Short Takes: Anti-Depressants, Neurogenesis, and #Marchforourlives

Three good articles, three different topics.

First up, the New York Times profiles people who are on anti-depressants long term and find they have trouble quitting. It’s an interesting article both because it impact a lot of people (7% of US adults have been on anti-depressants for 5+ years) and because it’s an interesting insight in to the limitations of our clinical trial/drug approval system. Basically, drugs get approved based off of a timeframe that can reasonably be done in a clinical trial: 6 to 9 months or so. In this case later studies went out as far as 2 years, but no further. This has caused issues when trying to get long term users back off. Some studies have reported 50-70% of longterm users reporting serious withdrawal symptoms, with many continuing on the medications just to avoid the withdrawal. I don’t really see a clear way around this….trials can’t go on forever…..but it is an unfortunate limitation of our current system.

Next up, Slate Star Codex does a somewhat unsettling review about adult neurogenesis.  He goes through dozens of highly cited papers talking about how useful/involved neurogenesis is in so many many things in our lives, just to follow it up with the new study that shows it probably doesn’t exist. Uuuuuuugh. Apparently a lot of the confusion started because it definitely exists in rats, and things kinda snowballed from there. It sounds like just another scientific squabble, but in the words of SSC “We know many scientific studies are false. But we usually find this out one-at-a-time. This – again, assuming the new study is true, which it might not be – is a massacre. It offers an unusually good chance for reflection.” Yikes.
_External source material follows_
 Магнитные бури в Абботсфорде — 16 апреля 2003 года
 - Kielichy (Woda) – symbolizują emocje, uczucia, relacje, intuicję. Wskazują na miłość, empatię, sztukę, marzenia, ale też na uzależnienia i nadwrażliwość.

Finally, some interesting stats about the March For Our Lives that took place recently, and who actually participated. Contrary to what I’d heard, this march actually had a higher average age (49) than many we’ve seen, and fewer than 10% of participants were under 18. Most interesting (to me) is that the first time protesters there were more likely to say they were motivated to march because of Trump (42%) than gun rights (12%).